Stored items
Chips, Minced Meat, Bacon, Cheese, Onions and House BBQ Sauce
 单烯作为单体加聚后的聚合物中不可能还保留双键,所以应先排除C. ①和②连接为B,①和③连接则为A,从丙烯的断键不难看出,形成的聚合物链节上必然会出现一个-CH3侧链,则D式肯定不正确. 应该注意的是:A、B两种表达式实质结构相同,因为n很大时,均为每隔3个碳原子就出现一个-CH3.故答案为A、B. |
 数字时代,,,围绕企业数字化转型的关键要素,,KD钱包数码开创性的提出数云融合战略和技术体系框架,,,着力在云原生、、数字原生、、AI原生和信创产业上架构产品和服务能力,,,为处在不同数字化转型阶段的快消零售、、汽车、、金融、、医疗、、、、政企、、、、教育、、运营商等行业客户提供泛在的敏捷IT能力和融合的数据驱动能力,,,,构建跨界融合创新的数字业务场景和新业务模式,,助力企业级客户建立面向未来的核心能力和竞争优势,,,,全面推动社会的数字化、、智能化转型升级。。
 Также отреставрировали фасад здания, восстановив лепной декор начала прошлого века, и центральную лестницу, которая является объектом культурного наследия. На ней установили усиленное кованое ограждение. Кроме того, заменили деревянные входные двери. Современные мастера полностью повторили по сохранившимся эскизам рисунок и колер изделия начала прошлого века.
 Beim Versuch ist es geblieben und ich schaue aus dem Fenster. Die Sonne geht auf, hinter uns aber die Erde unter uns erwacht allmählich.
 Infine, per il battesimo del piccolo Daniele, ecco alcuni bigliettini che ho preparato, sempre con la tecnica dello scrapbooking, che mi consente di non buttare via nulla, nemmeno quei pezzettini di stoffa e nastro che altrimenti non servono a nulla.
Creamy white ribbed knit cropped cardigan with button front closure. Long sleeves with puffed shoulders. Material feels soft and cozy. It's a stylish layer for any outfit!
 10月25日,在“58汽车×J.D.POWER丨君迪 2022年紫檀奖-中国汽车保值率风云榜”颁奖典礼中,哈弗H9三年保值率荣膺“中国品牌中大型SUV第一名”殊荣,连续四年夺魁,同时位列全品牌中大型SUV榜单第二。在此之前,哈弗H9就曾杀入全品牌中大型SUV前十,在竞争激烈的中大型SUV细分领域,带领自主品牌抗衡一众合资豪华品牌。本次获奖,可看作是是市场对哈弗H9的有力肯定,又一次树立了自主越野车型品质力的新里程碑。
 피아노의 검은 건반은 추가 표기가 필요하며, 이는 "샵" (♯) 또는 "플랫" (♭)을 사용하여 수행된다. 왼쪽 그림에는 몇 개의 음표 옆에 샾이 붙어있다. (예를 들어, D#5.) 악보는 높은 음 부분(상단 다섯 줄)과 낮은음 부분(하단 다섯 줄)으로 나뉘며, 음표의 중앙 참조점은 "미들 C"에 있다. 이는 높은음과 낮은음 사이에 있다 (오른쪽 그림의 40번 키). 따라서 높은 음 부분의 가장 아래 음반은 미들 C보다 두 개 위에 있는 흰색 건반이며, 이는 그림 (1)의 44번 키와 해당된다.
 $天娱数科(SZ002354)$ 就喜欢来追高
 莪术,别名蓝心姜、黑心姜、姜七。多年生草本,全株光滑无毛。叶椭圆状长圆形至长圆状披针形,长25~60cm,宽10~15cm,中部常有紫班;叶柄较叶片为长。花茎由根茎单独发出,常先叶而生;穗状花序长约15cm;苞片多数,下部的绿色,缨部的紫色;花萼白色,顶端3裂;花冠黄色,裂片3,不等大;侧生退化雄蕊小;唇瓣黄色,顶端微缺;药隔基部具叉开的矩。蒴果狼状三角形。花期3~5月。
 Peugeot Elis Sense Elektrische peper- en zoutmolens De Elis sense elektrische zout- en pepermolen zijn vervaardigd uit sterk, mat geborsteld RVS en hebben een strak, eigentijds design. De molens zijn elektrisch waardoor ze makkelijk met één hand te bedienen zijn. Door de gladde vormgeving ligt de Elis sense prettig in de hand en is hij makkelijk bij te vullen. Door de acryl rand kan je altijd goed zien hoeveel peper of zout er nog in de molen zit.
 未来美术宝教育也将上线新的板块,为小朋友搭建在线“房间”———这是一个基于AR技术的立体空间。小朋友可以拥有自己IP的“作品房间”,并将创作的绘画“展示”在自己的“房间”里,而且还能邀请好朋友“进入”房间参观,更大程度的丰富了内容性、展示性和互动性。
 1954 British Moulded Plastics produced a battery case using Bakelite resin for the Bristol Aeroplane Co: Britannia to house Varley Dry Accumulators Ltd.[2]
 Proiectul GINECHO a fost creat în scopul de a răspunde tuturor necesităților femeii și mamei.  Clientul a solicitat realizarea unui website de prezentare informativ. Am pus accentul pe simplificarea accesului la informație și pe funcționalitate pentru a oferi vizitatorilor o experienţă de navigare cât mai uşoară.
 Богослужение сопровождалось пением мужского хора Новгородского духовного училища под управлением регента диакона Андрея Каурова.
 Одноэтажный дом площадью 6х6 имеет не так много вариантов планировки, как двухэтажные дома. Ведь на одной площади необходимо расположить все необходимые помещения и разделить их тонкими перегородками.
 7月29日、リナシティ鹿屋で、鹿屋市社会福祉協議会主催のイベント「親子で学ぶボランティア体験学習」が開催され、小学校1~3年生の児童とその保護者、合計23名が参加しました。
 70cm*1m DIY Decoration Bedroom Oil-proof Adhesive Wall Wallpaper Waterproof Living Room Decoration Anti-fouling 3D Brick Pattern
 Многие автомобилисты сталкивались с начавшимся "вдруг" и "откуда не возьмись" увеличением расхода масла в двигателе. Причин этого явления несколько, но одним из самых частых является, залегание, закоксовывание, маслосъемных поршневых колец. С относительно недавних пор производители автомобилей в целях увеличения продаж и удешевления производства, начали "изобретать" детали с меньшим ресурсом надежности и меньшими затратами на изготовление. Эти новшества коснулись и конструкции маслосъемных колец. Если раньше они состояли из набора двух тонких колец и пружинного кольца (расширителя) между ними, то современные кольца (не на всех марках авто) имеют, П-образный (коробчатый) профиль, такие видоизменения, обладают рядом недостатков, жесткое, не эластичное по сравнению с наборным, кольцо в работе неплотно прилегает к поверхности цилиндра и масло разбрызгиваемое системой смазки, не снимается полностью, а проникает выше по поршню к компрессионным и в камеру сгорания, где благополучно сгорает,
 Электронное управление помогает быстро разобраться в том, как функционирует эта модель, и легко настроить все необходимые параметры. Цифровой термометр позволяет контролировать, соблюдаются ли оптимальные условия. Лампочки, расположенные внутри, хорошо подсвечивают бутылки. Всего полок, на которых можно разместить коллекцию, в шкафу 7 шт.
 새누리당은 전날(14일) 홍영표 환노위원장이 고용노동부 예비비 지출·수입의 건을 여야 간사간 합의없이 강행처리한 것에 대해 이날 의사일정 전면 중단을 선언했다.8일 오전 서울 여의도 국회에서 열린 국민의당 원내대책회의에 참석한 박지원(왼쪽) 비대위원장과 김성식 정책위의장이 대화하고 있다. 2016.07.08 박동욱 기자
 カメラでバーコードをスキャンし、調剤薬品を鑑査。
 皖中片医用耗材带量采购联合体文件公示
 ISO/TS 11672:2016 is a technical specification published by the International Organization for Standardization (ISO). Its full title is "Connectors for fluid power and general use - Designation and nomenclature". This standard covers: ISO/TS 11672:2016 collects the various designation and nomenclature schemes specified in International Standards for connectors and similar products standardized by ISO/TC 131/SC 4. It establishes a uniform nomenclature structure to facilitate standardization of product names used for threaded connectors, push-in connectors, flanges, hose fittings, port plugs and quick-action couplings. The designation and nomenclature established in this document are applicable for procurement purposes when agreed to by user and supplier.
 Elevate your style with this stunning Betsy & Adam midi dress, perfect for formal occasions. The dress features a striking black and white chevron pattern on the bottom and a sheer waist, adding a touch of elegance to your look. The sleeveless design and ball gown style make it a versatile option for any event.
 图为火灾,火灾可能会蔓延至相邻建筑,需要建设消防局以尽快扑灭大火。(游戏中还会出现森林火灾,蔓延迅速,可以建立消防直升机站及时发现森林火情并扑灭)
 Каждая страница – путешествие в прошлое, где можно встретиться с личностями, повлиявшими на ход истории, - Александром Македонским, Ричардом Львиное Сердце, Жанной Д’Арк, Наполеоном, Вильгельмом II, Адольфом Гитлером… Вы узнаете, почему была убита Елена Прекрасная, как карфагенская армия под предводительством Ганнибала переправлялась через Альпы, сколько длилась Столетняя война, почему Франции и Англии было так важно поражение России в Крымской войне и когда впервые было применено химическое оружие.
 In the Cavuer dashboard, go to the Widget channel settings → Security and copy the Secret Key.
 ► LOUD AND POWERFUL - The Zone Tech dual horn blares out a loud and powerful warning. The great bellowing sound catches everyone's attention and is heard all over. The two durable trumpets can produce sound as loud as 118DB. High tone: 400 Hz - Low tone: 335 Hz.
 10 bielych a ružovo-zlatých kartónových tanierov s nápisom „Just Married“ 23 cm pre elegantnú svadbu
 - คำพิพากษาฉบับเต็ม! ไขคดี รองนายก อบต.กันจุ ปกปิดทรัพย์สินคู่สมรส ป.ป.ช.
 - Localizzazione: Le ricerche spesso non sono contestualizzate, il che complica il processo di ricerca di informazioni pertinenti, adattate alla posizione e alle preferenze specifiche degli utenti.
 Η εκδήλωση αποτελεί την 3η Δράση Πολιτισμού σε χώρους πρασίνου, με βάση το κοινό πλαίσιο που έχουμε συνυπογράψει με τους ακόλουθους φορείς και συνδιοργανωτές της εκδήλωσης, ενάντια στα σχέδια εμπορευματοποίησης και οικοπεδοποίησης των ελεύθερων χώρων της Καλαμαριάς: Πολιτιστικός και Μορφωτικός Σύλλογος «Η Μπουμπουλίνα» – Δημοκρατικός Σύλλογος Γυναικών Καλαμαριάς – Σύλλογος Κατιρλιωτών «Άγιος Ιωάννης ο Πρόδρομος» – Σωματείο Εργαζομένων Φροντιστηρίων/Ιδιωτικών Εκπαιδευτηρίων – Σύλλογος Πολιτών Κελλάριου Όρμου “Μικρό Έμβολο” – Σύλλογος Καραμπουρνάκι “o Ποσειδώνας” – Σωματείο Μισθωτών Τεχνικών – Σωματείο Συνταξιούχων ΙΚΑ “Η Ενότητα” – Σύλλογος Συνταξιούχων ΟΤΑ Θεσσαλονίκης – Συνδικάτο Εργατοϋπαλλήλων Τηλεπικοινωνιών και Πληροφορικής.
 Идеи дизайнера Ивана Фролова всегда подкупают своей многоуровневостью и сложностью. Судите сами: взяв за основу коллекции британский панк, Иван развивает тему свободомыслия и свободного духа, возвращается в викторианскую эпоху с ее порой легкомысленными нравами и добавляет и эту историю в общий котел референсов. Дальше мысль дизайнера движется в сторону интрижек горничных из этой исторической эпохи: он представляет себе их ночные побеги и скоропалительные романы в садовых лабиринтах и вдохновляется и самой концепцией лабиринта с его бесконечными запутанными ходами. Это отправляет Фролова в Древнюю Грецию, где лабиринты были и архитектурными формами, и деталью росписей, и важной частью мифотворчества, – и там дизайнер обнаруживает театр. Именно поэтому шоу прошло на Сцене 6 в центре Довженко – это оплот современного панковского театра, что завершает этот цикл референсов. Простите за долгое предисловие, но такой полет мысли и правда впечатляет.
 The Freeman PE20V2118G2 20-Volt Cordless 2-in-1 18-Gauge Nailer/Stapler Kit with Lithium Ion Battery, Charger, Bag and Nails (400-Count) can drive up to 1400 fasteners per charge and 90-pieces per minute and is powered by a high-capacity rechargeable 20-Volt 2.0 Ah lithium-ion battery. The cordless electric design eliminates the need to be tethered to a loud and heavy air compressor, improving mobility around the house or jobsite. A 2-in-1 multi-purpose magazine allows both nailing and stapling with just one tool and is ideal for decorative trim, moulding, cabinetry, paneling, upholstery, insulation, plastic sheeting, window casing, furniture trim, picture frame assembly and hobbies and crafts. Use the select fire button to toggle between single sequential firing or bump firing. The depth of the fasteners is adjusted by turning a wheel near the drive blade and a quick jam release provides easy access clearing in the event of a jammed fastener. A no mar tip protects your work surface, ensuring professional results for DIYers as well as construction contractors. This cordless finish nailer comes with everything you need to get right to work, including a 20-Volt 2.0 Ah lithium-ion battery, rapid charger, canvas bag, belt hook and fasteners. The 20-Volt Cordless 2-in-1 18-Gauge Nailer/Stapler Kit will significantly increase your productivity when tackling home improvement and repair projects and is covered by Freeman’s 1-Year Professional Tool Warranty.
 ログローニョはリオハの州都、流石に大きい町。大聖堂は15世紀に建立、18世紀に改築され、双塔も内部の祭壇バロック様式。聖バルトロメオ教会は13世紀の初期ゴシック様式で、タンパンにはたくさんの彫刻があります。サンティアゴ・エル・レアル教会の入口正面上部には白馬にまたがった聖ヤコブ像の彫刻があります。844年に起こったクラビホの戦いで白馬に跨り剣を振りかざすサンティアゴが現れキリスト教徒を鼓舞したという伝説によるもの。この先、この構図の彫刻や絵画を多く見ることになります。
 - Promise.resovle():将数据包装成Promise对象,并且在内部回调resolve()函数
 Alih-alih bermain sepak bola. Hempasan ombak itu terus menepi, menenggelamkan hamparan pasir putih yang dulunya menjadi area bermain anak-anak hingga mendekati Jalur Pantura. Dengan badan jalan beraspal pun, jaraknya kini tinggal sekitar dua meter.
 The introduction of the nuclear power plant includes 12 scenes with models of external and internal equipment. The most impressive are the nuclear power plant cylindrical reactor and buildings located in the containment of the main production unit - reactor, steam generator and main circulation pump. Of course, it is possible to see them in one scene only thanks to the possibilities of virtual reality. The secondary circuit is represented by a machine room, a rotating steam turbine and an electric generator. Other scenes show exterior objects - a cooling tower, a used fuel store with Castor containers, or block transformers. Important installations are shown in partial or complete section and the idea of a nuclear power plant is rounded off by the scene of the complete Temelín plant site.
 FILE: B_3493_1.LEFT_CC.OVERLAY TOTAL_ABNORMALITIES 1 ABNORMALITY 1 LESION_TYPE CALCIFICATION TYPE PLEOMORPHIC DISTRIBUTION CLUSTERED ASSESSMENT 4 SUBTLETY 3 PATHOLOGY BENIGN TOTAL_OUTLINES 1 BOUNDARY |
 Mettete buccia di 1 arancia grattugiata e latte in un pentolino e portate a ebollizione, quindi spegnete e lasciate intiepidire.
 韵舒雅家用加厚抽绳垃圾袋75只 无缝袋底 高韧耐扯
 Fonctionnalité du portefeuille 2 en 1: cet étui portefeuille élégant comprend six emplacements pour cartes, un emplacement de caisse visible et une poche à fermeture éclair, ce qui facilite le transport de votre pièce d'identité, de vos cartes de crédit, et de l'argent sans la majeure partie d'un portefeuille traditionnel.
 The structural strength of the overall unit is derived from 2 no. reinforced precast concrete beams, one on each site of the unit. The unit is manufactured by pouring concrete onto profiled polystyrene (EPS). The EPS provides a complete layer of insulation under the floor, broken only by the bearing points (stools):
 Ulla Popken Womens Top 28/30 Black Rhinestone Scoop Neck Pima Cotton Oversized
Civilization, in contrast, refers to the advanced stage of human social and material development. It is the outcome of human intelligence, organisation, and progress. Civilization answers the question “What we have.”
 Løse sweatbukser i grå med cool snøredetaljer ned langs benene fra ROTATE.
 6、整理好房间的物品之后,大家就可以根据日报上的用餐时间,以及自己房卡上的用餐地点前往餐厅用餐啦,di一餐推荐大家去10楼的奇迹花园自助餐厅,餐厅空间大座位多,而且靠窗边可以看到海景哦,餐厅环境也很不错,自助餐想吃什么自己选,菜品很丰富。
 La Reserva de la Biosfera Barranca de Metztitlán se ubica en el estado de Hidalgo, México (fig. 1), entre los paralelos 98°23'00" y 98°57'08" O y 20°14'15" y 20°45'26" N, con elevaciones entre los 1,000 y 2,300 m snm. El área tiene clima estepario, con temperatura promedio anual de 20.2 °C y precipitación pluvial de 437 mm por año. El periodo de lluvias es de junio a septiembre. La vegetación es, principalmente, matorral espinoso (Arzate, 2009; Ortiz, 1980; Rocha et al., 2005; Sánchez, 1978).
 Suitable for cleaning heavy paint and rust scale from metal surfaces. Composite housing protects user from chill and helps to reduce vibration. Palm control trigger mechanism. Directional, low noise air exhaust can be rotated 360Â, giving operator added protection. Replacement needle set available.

**What you should do**
Copy exactly the stretch of data above from the line with "Fonctionnalité du portefeuille" through the line with "6、整理好房间的物品之后,大", and omit all other lines.

**Result of the exercise**
 Fonctionnalité du portefeuille 2 en 1: cet étui portefeuille élégant comprend six emplacements pour cartes, un emplacement de caisse visible et une poche à fermeture éclair, ce qui facilite le transport de votre pièce d'identité, de vos cartes de crédit, et de l'argent sans la majeure partie d'un portefeuille traditionnel.
 The structural strength of the overall unit is derived from 2 no. reinforced precast concrete beams, one on each site of the unit. The unit is manufactured by pouring concrete onto profiled polystyrene (EPS). The EPS provides a complete layer of insulation under the floor, broken only by the bearing points (stools):
 Ulla Popken Womens Top 28/30 Black Rhinestone Scoop Neck Pima Cotton Oversized
Civilization, in contrast, refers to the advanced stage of human social and material development. It is the outcome of human intelligence, organisation, and progress. Civilization answers the question “What we have.”
 Løse sweatbukser i grå med cool snøredetaljer ned langs benene fra ROTATE.
 6、整理好房间的物品之后,大家就可以根据日报上的用餐时间,以及自己房卡上的用餐地点前往餐厅用餐啦,di一餐推荐大家去10楼的奇迹花园自助餐厅,餐厅空间大座位多,而且靠窗边可以看到海景哦,餐厅环境也很不错,自助餐想吃什么自己选,菜品很丰富。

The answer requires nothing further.